Table 1. A summary of the Pfhrp2, Pfhrp3 and pfdhfr genotyping results from different sample categories.
P. falciparum qPCR analysis
Real-time amplification for detection and absolute detection of P. falciparum were performed on the ABI 7500 Real-Time PCR system (Applied Biosystems) as previously described (28) using TaqMan based P. falciparum specific probes. The reaction was performed in a final volume of 25 μl containing: 2.5 µl each of P. falciparum 18S rDNA forward and reverse primers (10 pmol/µl), 0.625 µl of 18S probe (10 pmol/µl), 12.5 µl TaqMan universal PCR master mix (2X), 6.75 µl of sample or 3D7 control samples, with the remaining volume PCR clean water. The following RT-PCR conditions were used: 50°C for 2 min, 95°C for 10 min, and then 45 cycles of 95°C for 15 s and 60°C for 1 min. All qPCR assays were run with appropriate controls including the Non-Template Control (NTC). For parasite quantification, eight defined standards with varying parasitemias were included, Standard 1: 460,000 parasites/μl, Standard 2: 27,000 parasites/μl, Standard 3: 15,000 parasites/μl, Standard 4: 10,000, Standard 5: 100 parasites/μl, Standard 6: 10 parasites/μl, Standard 7: 1 parasites/μl and Standard 8: 0.1 parasites/μl. Following an extrapolation from the standard curve, samples with a Ct value of above 34 were considered P. falciparum negative (<5 parasites/ul).

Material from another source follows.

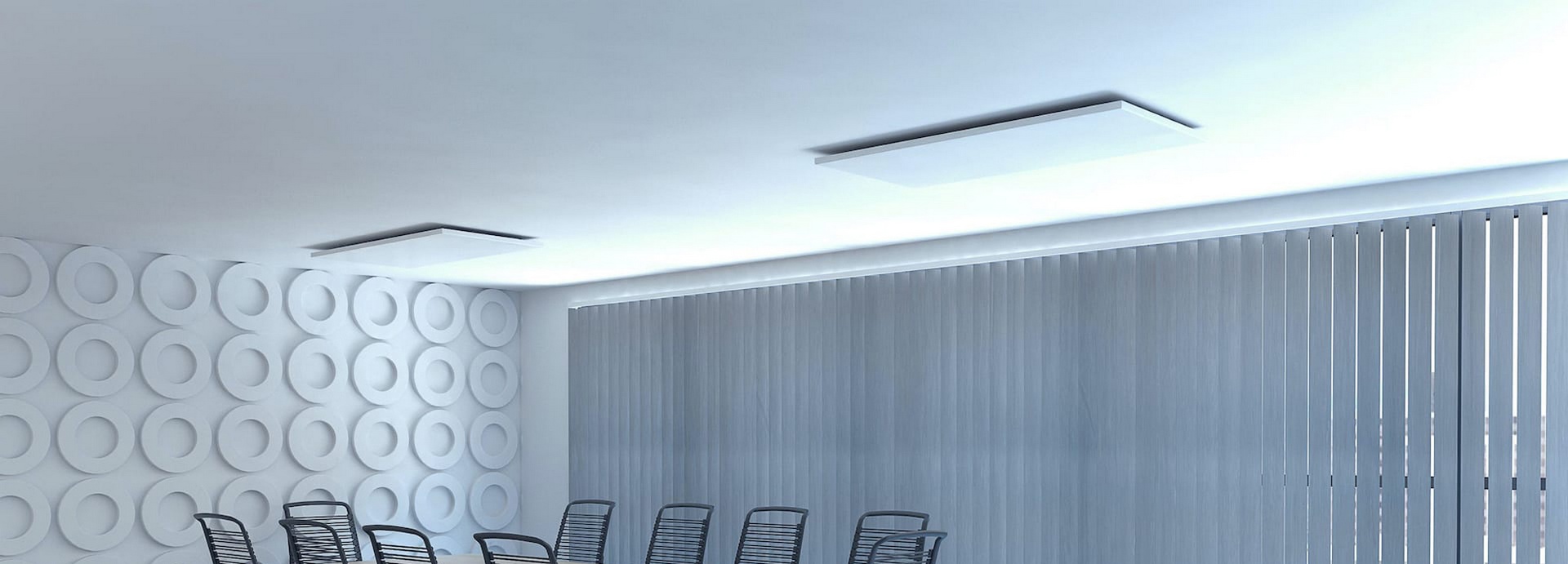 The ceiling heating system, equipped with infrared (IR) panels, is both stylish and subtly integrated, making it not immediately obvious to the observer.

Sequencing and sequence analysis
We sequenced samples that were Pfhrp2 and Pfhrp3 positive, from the 12 that were microscopy positive but RDT negative. Following PCR, amplicons were purified using the ExoSap-IT™ (Affymetrix™) reagent, then sequenced using the BigDye® Terminator v3.1 cycle sequencing kit from Applied Biosystems, UK. Sequencing was conducted using the same primers utilized for PCR. Briefly, a single reaction volume of 10 µl consisted of 2 µl, purified template DNA, 0.5 µl BigDye® Terminator enzyme mix, 1.75 µl 5X BigDye® sequencing buffer, 4.75 µl ultrapure DNase/RNase-free distilled water and 1 µl of 5pmol/µl sequencing primer. The cycling conditions for sequencing were as follows; an initial denaturation at 95°C for 30 s, 25 cycles of 96°C for 10 s, 50°C for 5 s and 60°C for 4 min, then a final hold at 15°C for 10 min. The products of sequencing were thereafter subjected to ethanol precipitation then capillary electrophoresis on the 3730xl DNA analyser (ILRI, Kenya), to generate sequence chromatograms. Finally, sequence analysis was conducted using CLC Workbench Version 7.7.1 (QIAGEN).
Statistical analysis
Statistical analyses were conducted using Version 4.2.1 of the R software (29), where frequencies were calculated. A log10 transformation of parasitaemia was applied and used to compare the different Pfhrp2/3 genotypes using a Student's t-test with the statistical significance set at a p value <0.05. Box plots were used to show the 25th percentiles, geometric mean and 75th percentiles of the log transformed parasitemia.
Results
Semi-nested PCR amplification of false RDT negative samples based on microscopy
In this study, DNA from 345 samples tested for malaria by RDT, microscopy and qPCR were used and 249 (72.2%), 170 (49.3%) and 242 (70.1%) samples were positive for each test, respectively. There were 12 (3.47%) discordant samples that were P. falciparum negative by RDT but positive by microscopy (Figure 1), considered as false negative RDTs, were genotyped for Pfhrp2 and Pfhrp3. Pfdhfr was used as a secondary gene to confirm the presence of parasite DNA in samples that tested negative for both Pfhrp2 and Pfhrp3. One of the 12 discordant samples was missing and was therefore excluded from subsequent analysis. Among the remaining 11 samples, 3 (0.87%) tested positive for both Pfhrp2 and Pfhrp3, 3 (0.87%) were positive for Pfhrp2 but negative for Pfhrp3, while 4 (1.16%) were negative for Pfhrp2 but positive for Pfhrp3 (Table 1). Six of these samples had low parasitemias of <1,000 parasites/µl and the remaining sample was negative for all the genes tested (Pfhrp2, Pfhrp3 and Pfdhfr). Notably, this sample was negative by qPCR but contained 3,520 parasites/µl.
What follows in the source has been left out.